• [The data]:
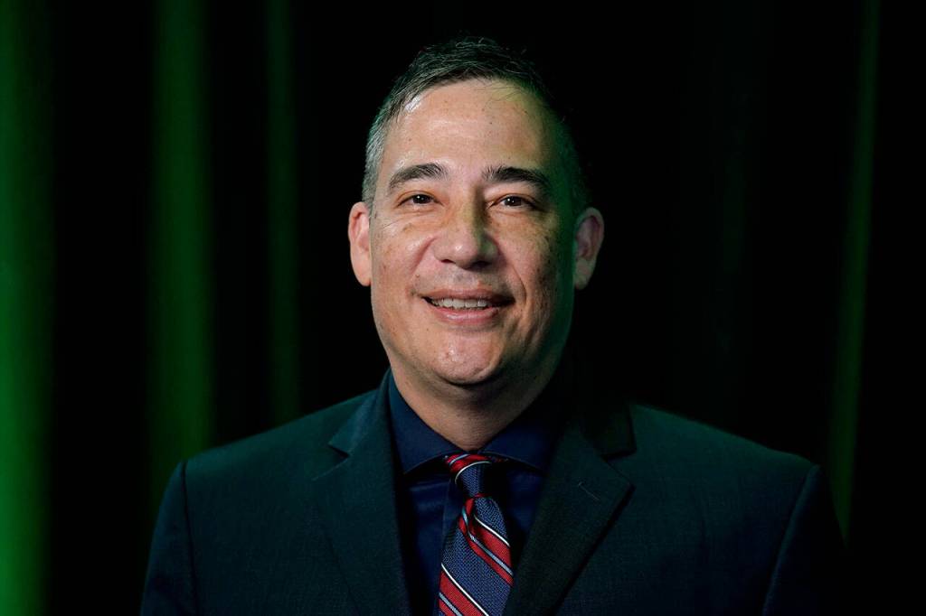 Washington Secretary of State Steve Hobbs poses for a photo before taking part in a debate on Aug. 17, in Olympia. (AP Photo / Ted S. Warren, File)
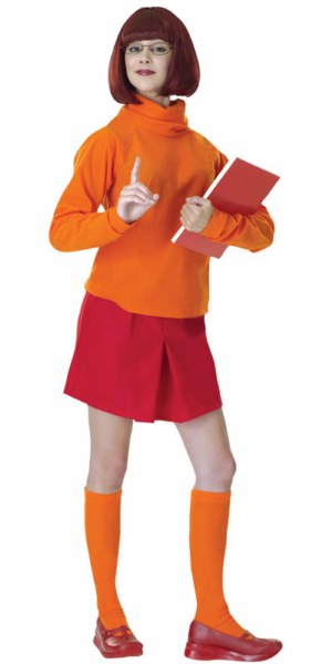 Licensed Scooby Doo character Velma Dinkley adult costume in size Standard (M) Includes: shirt, skirt, wig, and glasses (what would she do without her glasses??)
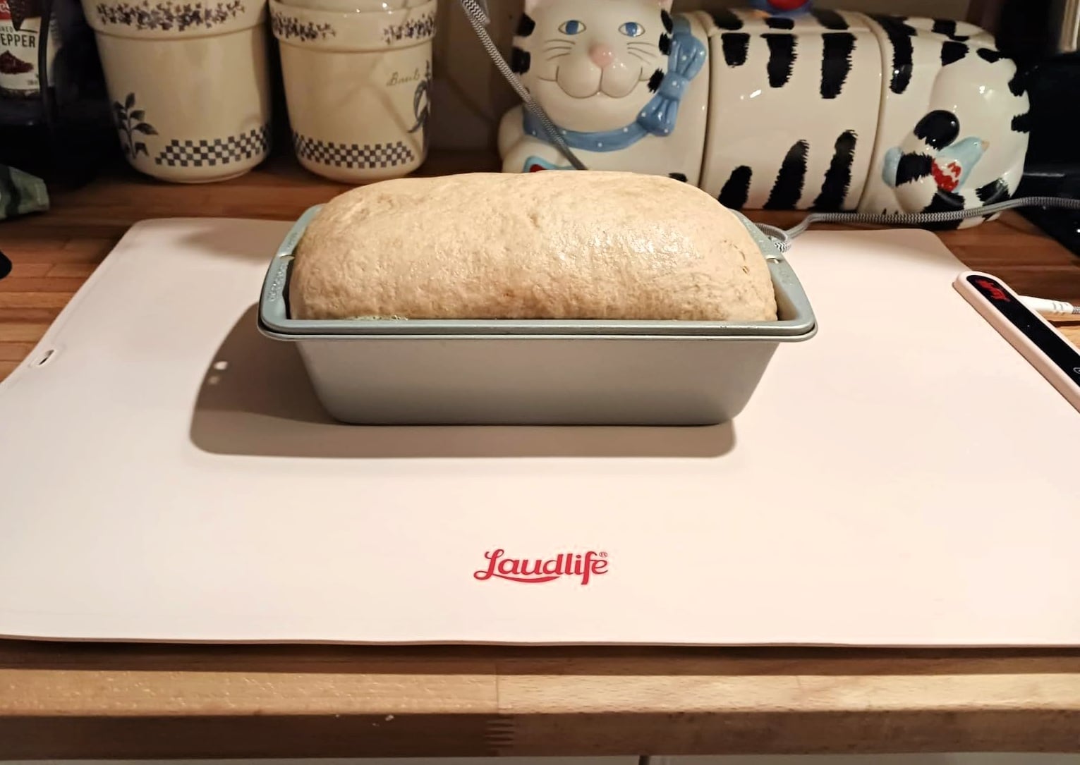 I was pretty skeptical about any use for this, but then I saw bread proving as one of the suggested uses and decided to order one and give it a try. Does it work? For yeast activation and bread proving, I say yes! I put pictures of my yeast when I first put it on, then after a 10 minute activation. It doubled as hoped. Then I put the picture of the dough immediately after kneading, then after a 30 minute rise on the mat at 154 degrees, or something close to that. In it’s oiled bowl with its towel. Rose beautifully. Then the bread loaf when first formed, and again after a 45 minute rise. As you can see, it did the job. I’ve a family member with dietary restrictions, so making specialized bread is a fact of life here. I’ve used this mat once. It only arrived earlier today. It’s already fast become one of my favorite things!
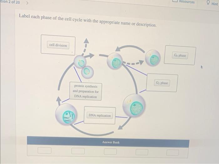 Label each phase of the cell cycle with the appropriate name or description.. Chapter 2 HW Flashcards | Quizlet Identify each stage of M phase. Intracellular components can be labeled with a fluorophore, and the dynamic movements within the cell can be visualized. Arrange the images of the stages of cell division in order from interphase to cytokinesis. Cell division by mitosis is a mechanism of asexual cell replication. Genetics: Chapter 2 Homework Flashcards | Quizlet Place the steps of the prokaryotic cell cycle in order. 1. prokaryotic chromosome attaches to the plasma membrane 2. prokaryote chromosome replicates 3. cell elongates, pulling each chromosome to a different end of the cell 4. plasma membrane and cell wall grow inward and divide the cell 5. two genetically identical daughter cells are produced Phases of the cell cycle (article) | Khan Academy The cell cycle is a cycle, rather than a linear pathway, because at the end of each go-round, the two daughter cells can start the exact same process over again from the beginning. In eukaryotic cells, or cells with a nucleus, the stages of the cell cycle are divided into two major phases: interphase and the mitotic (M) phase.
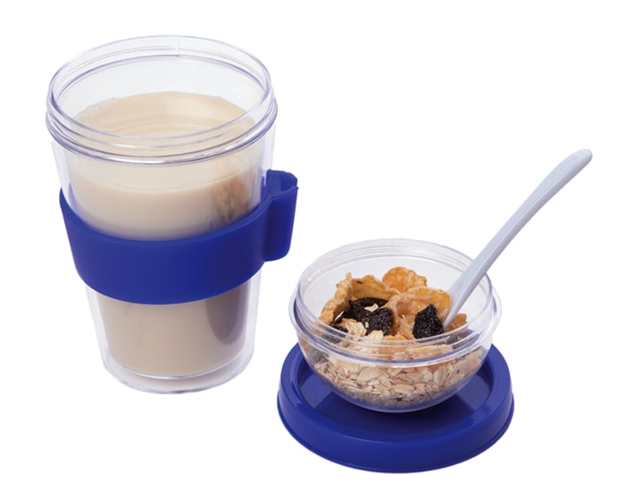 Vaso de doble pared de plástico con cuchara. CAP. 300 ml. Presentación: caja en color blanco. *BPA FREE. Artículo Promocional
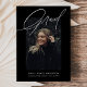 Ett enkelt Trendig Calligraphy Photo Studenten-meddelande innehåller ett foto på framsidan och två foton på baksidan.
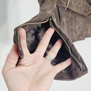 Le Chateau Brown 100% Suede Pockets Full Zip Snap Waist Belted Jacket Size XS
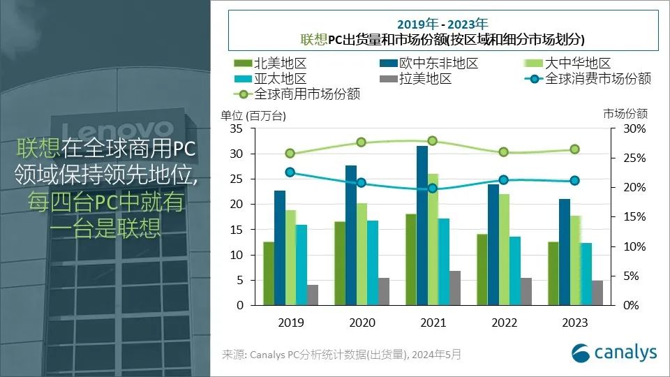 联想凭借其广泛的硬件以及其他产品组合,在商用PC市场上处于有利地位,不可小觑。目前许多客户正在探索AI领域,联想正通过与其庞大的商业客户群的紧密合作,来将对AI产品和服务的兴趣转化为实际采用的需求。
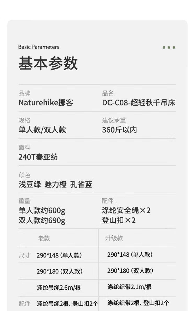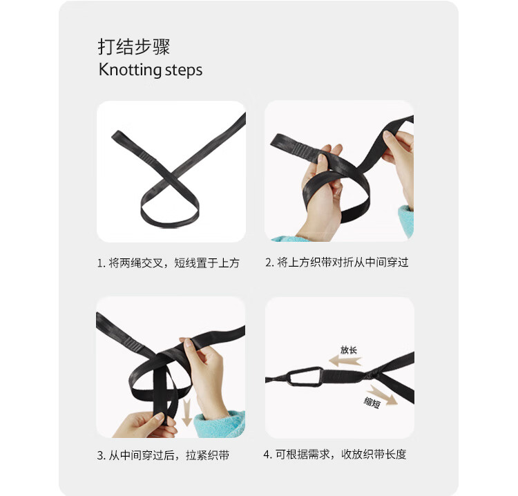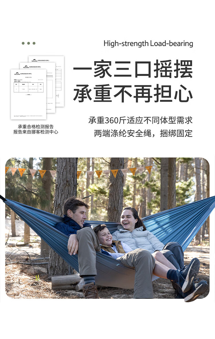 使用说明非常详细。 体积重量:很轻,一个手掌就能托住,收纳起来很方便 承重效果:目前看还不错,只要按照说明绑住,两个人是没问题的
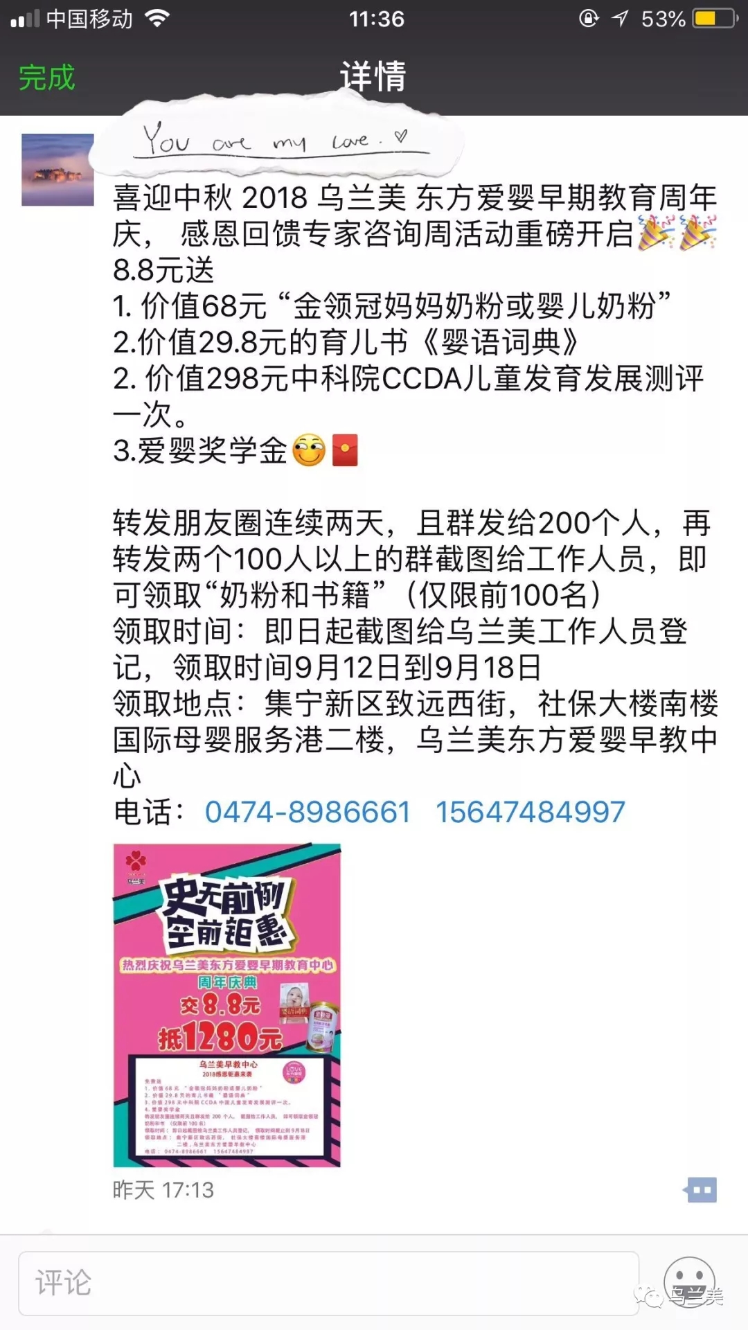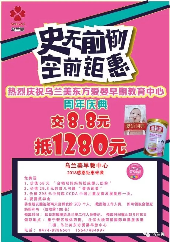 領取時間:即日起截圖給烏蘭美•東方愛嬰早教中心工作人員登記,領取時間截止到2018年9月19日。
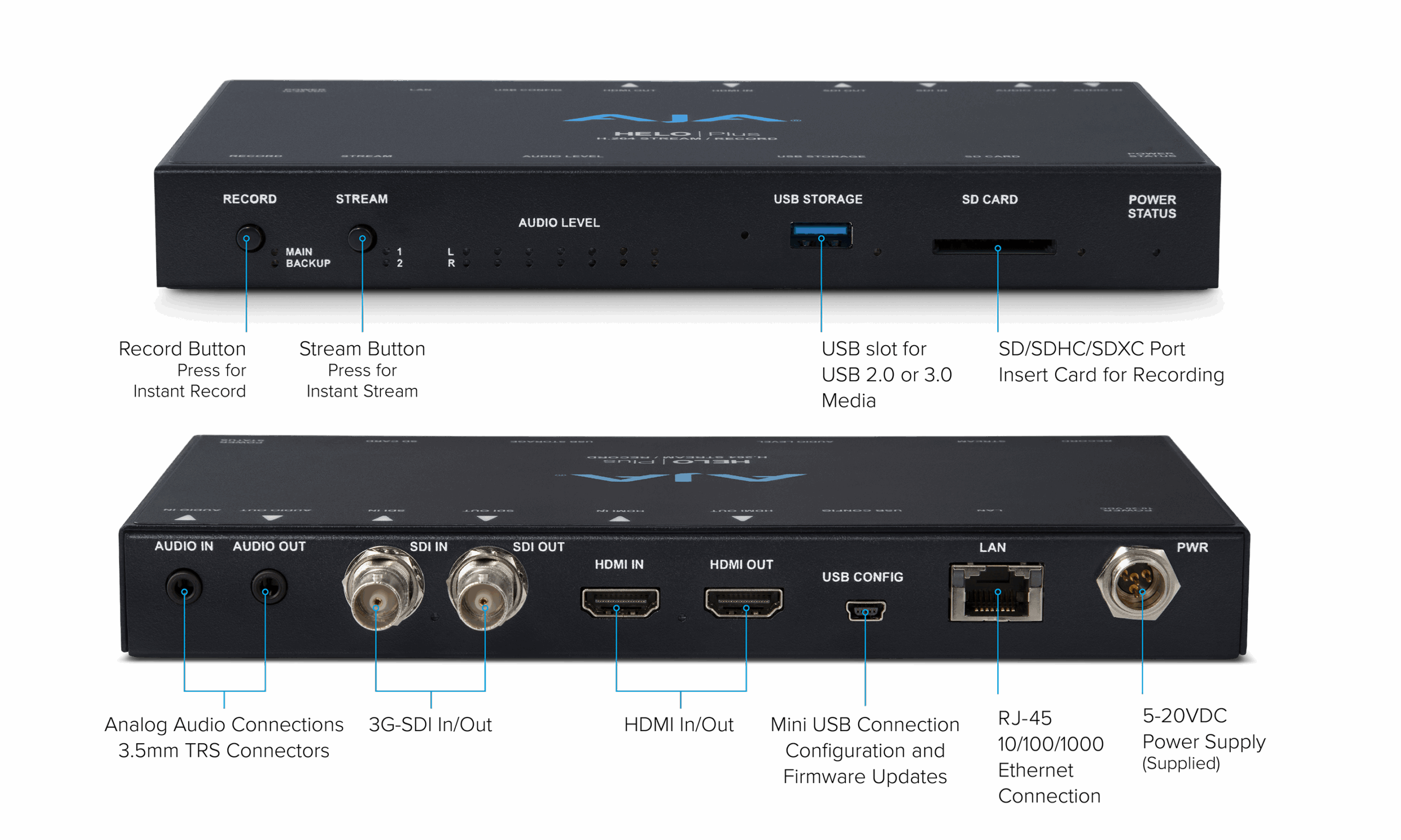 HELO Plus는 데스크탑 설치 공간이 매우 작은 컴팩트한 제품입니다. 장치 전면에 있는 스트리밍 및 레코딩 버튼과 LED 표시기가 있는 독립형 기능을 제공하며, 오디오 레벨 미터는 수신 오디오에 대한 귀중한 피드백을 제공합니다. HELO Plus는 팬이 없고 소음이 없어 거의 모든 곳에서 소음 발생 우려 없이 사용할 수 있습니다. SD 카드 및 USB 포트도 장치 전면에 있어 쉽게 액세스할 수 있습니다.
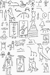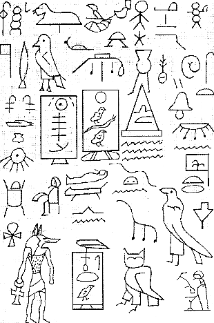 Sobre las rocas de un monte aparecen más de 250 jeroglíficos egipcios, entre los que destaca en un cartucho el nombre de Djedf-Ra (Diodefre), hijo de Keops y nieto de Snefru, lo que sitúa este hecho histórico dentro del Antiguo Imperio y más exactamente durante la IV Dinastía.
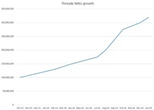 Ocak 2025’te Meta CEO’su Mark Zuckerberg, Threads’in aylık 320 milyon aktif kullanıcıyı aştığını açıkladı. Backlinko tarafından paylaşılan veriler de bu büyümeyi doğruluyor:
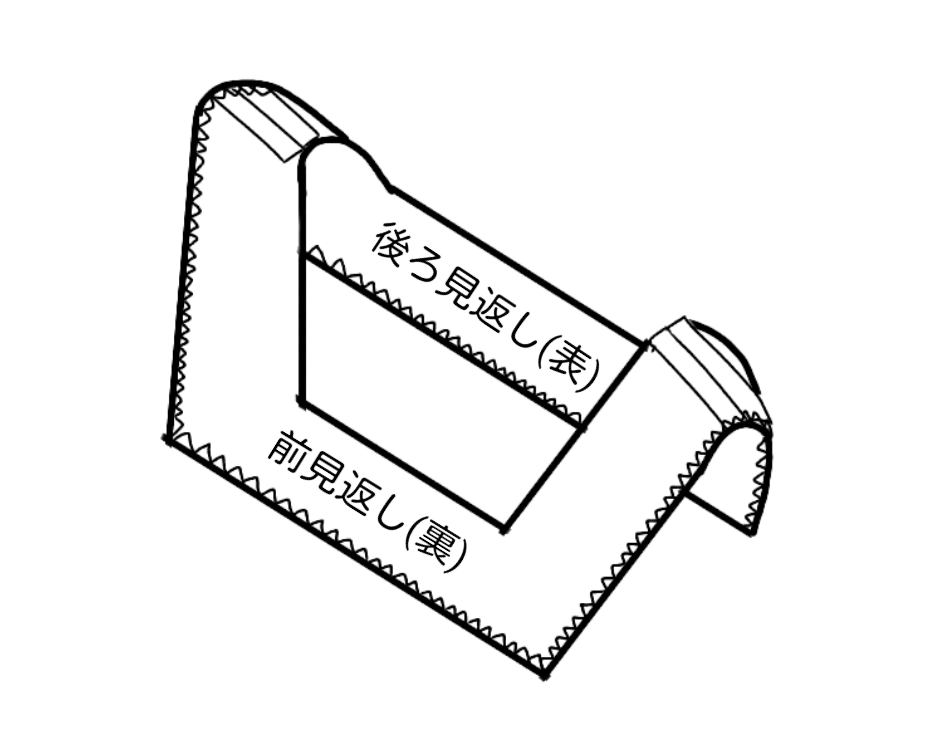 ④前・後ろ見返しを中表に合わせて、肩線を縫い、縫い代を割る。下側一周ロックミシンをかける。
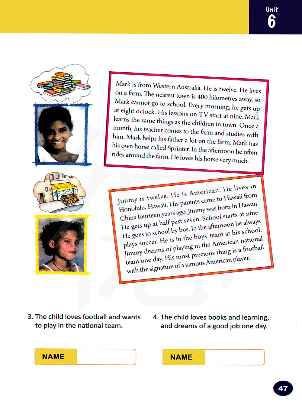 吉米12岁,他是美国人,他住在夏威夷火奴鲁鲁。他的父母十四年前从中国来到夏威夷,吉米出生在夏威夷。他七点半起床,学校九点开始上课,他乘公共汽车去上学,下午的时候他总是踢足球,他在学校的男队里,吉米梦想有一天能在美国国家足球队里踢球,他最珍贵的东西是一个有一名著名美国球员签名的足球。
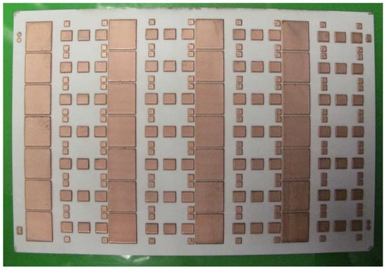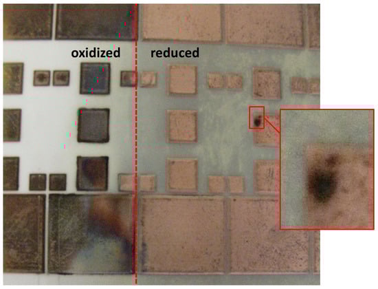 The electronic boards provided by AB Mikroelektronik GmbH were used as test substrates for oxidation and reduction process demonstration (see Section 3.4). They are AlO plates with a size 175 mm × 120 mm × 1 mm and are covered with non-connected square contact pads made of copper. The squares have different areas. There are 88 contact pads with an area of 175 mm, 84 with 32 mm, and 112 with 8 mm.

• [Exercise objective]:
Please output the lines above beginning at the line with "使用说明非常详细。 体积重量:很轻,一个手掌就能托住,收纳起来很方便 承重效果:目前看还不错,只要按照说明绑住,两个人是没问题的" and ending after the line with "吉米12岁,他是美国人,他住", precisely as written and with no pictures.

• [Result of this task]:
 使用说明非常详细。 体积重量:很轻,一个手掌就能托住,收纳起来很方便 承重效果:目前看还不错,只要按照说明绑住,两个人是没问题的
 領取時間:即日起截圖給烏蘭美•東方愛嬰早教中心工作人員登記,領取時間截止到2018年9月19日。
 HELO Plus는 데스크탑 설치 공간이 매우 작은 컴팩트한 제품입니다. 장치 전면에 있는 스트리밍 및 레코딩 버튼과 LED 표시기가 있는 독립형 기능을 제공하며, 오디오 레벨 미터는 수신 오디오에 대한 귀중한 피드백을 제공합니다. HELO Plus는 팬이 없고 소음이 없어 거의 모든 곳에서 소음 발생 우려 없이 사용할 수 있습니다. SD 카드 및 USB 포트도 장치 전면에 있어 쉽게 액세스할 수 있습니다.
 Sobre las rocas de un monte aparecen más de 250 jeroglíficos egipcios, entre los que destaca en un cartucho el nombre de Djedf-Ra (Diodefre), hijo de Keops y nieto de Snefru, lo que sitúa este hecho histórico dentro del Antiguo Imperio y más exactamente durante la IV Dinastía.
 Ocak 2025’te Meta CEO’su Mark Zuckerberg, Threads’in aylık 320 milyon aktif kullanıcıyı aştığını açıkladı. Backlinko tarafından paylaşılan veriler de bu büyümeyi doğruluyor:
 ④前・後ろ見返しを中表に合わせて、肩線を縫い、縫い代を割る。下側一周ロックミシンをかける。
 吉米12岁,他是美国人,他住在夏威夷火奴鲁鲁。他的父母十四年前从中国来到夏威夷,吉米出生在夏威夷。他七点半起床,学校九点开始上课,他乘公共汽车去上学,下午的时候他总是踢足球,他在学校的男队里,吉米梦想有一天能在美国国家足球队里踢球,他最珍贵的东西是一个有一名著名美国球员签名的足球。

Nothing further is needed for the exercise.